どうしても見送りたくない、顔も見たくない。そういう方もいらっしゃいますが、それならそれでいい。自分の人生を最優先するためなら、親を捨ててもいいと、わたしは思っています。
——命の専門家であり仏道に入られている岡山さんだからこそ、とても説得力があります。尾崎さん、専門医で僧侶であるお姉さんから、印象に残っている言葉や助言はありますか。
尾崎: 「最期の瞬間に立ち会えなかったとしてもかまわない。旅立つ時は自分で決めているものだから」と言ってもらえたことでしょうか。実際に、わたしは看取りの瞬間に間に合いませんでした。でも、そのタイミングを母が選んだのだと思えたから、涙は出ても、穏やかな気持ちで受け止められたんですね。知っているか知らないかで、心持ちがずいぶん変わると思います。
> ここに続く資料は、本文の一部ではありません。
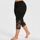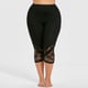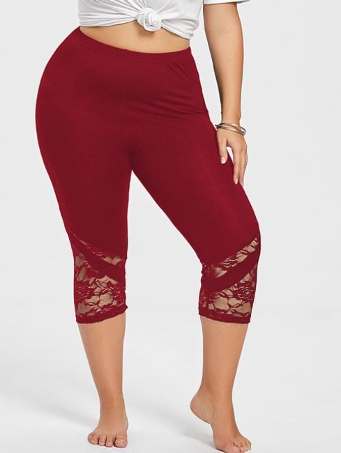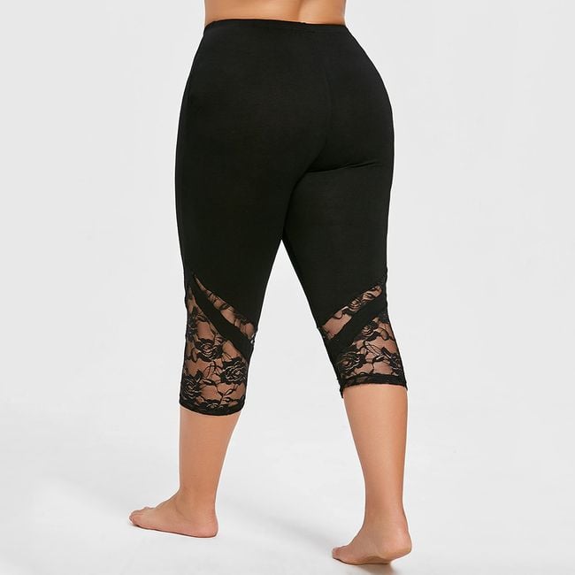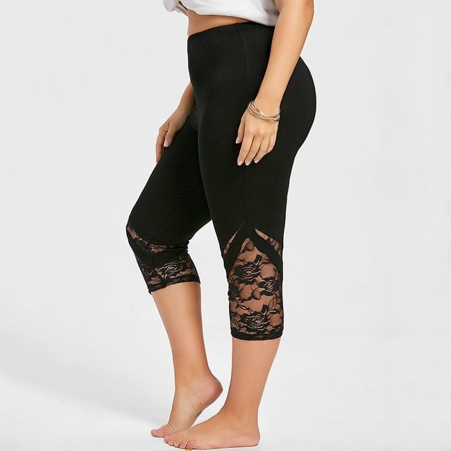 As leggings são abaixo do joelho e são adornadas com renda.

介護の目的は「愛が憎しみに変わらないようにすること」
——では、最後に。それぞれの著書を通して伝えたいことを教えてください。
岡山: わたしの実体験だけでなく、家族の介護や終末期において、知っておいて損はない知識や、やっておくといいことなども、『関係のよくない親を看取るということ』には多く記しています。最終章には「できたら、親としておきたい人生会議」とありますが、人生の終盤どんなふうに生きたいか、どんなケアがうけたいか、あらかじめ話し合うことをお勧めします。
介護のこと、お金のこと、延命治療のこと、お墓のこと……これは、親の気持ちを尊重するためというより、子世代が困らないためです。